Is anybody running extra heat on their cars?


----------



## boraz (Aug 29, 2013)

TDCruze said:


> The thing I wonder is will we be throwing any codes as some newer GM vehicles from pre-heating the engine and throwing off the temp sensor start up calibration? I have noticed that on my block heater there is NO thermostatic control for the OEM oil pan heater. Maybe this will not be a problem on the TD Cruze?
> 
> Is anybody running extra heat on their cars?


the rumors of the coolant heater/block heater causing codes is what stopped me from being guinea pig

good luck


----------



## TDCruze (Sep 26, 2014)

boraz said:


> the rumors of the coolant heater/block heater causing codes is what stopped me from being guinea pig
> 
> good luck


Well I decided to go ahead and order a 1-1/4" 375 watt inline lower radiator hose heater.

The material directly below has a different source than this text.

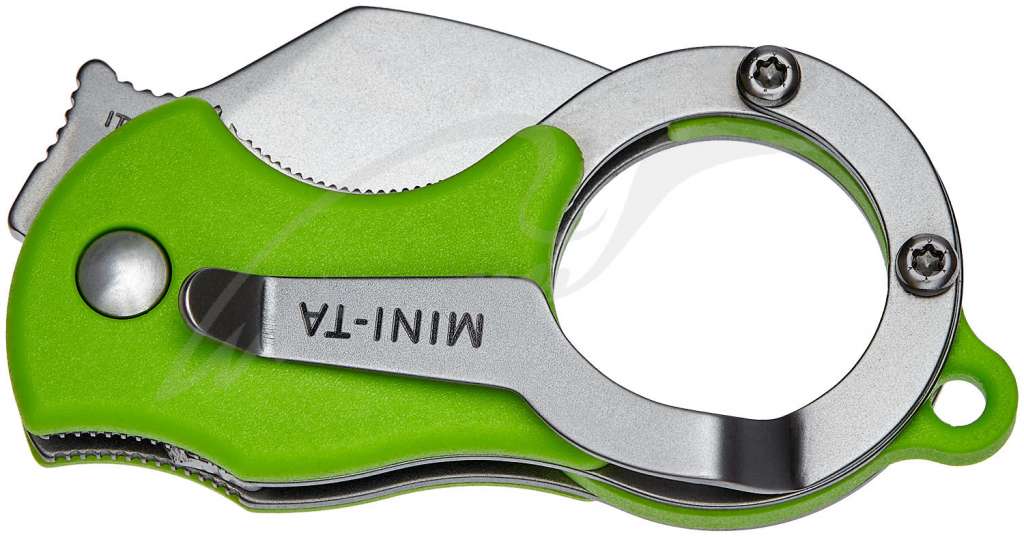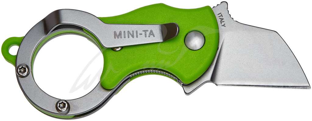 Нож серии Mini-TA предназначен для ежедневного ношения, причем, носить его по причине наличия клипсы можно в кармане, а можно – на кольце с ключами, потому что весит он всего 30 граммов и имеет в навершии специальное отверстие.

I will update with results.


----------



## KpaxFAQ (Sep 1, 2013)

TDCruze said:


> The thing I wonder is will we be throwing any codes as some newer GM vehicles from pre-heating the engine and throwing off the temp sensor start up calibration? I have noticed that on my block heater there is NO thermostatic control for the OEM oil pan heater. Maybe this will not be a problem on the TD Cruze?
> 
> Is anybody running extra heat on their cars?

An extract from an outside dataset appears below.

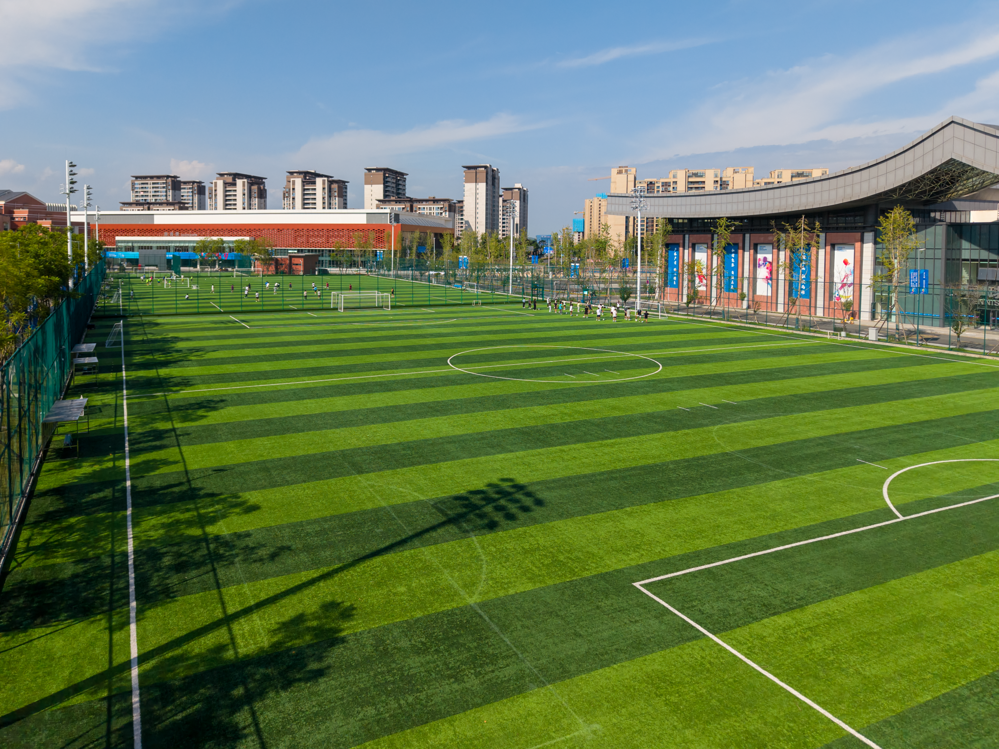 第一足球场、第二足球场及两处五人制足球场位于网球馆西侧,另有第三足球场、第四足球场及两处五人制足球场位于武术馆东南侧。

Regardless of codes, the benefits might be worth it to me in the winter but interested to see your results. Mind sharing a link to what you bought?


----------



## TDCruze (Sep 26, 2014)

KpaxFAQ said:


> Regardless of codes, the benefits might be worth it to me in the winter but interested to see your results. Mind sharing a link to what you bought?

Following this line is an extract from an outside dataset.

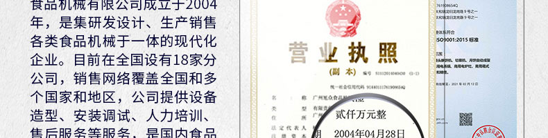 廣州旭眾食品機(jī)械有限公司是一家集科研開(kāi)發(fā),生產(chǎn)設(shè)計(jì),營(yíng)銷(xiāo)服務(wù)為一體的現(xiàn)代化生產(chǎn)企業(yè)。現(xiàn)代化生產(chǎn)車(chē)間,精湛制造技術(shù),所產(chǎn)機(jī)械歷經(jīng)市場(chǎng)重重考驗(yàn),不斷贏得海內(nèi)外客戶(hù)的贊譽(yù)。

The heating unit I bought:1 1 4" Lower Radiator Hose Engine Block Antifreeze Pre Heater | eBay

This is the conditions for the block heater CEL on previous GM vehicles, I am not sure if the CTD will even have this same logic.

5.3L engine block heater - Page 3 - Ask the GM Technician - GM-Trucks.com
"Conditions for Running the DTC

• The ignition is ON. 

• DTCs P0112, P0113, P0116, P0117, P0118, P0128, P0502, P0503 are not set. 

• The start-up IAT is more than -7°C (+20°F). 

• The vehicle has a minimum ignition OFF time of 10 hours. 

• DTC P0116 runs once per drive cycle when the above conditions are met. 


Conditions for Setting the DTC

• The start-up ECT is more than the start-up IAT by 100°C (180°F). OR 

• The start-up ECT is more than the start-up IAT by 15°C (27°F), then the vehicle must be driven for more than 400 seconds over 24 km/h (15 mph). If the IAT sensor temperature decreases more than 8°C (14°F), a block heater is detected and the test is aborted. If the IAT sensor temperature does not decrease, a block heater was not detected and DTC P0116 sets. "

From what I understand of this is it sounds unlikely a code would even be set under "normal" block heater use unless it is really warm out and the IAT does not drop after driving. Normally the IAT will drop in cold weather after being driven as the warm air from the pre-heated engine is replaced with cold outside air.


----------



## Patchman (Nov 1, 2021)

I have a 2014 chevy cruze. It's the, 2 0L 4 cl turbo diesel. I can't find the thermostat. HELP !!!


----------



## Tomahawk (Dec 5, 2016)

Thermostat is on the drivers side of engine, follow the hose up to the engine. The thermostat is actually in a plastic housing (see photo) and goes for around $60


----------



## Patchman (Nov 1, 2021)

Thank you


----------



## larry's two cents (11 mo ago)

TDCruze said:


> I cannot seem to figure out where the thermostat is located on the diesel 2.0 Cruze engine? Is it on the passenger or drivers side rad hose? If someone has an engine parts diagram that would be even better.


its on the drivers side next to the computer by the battery


----------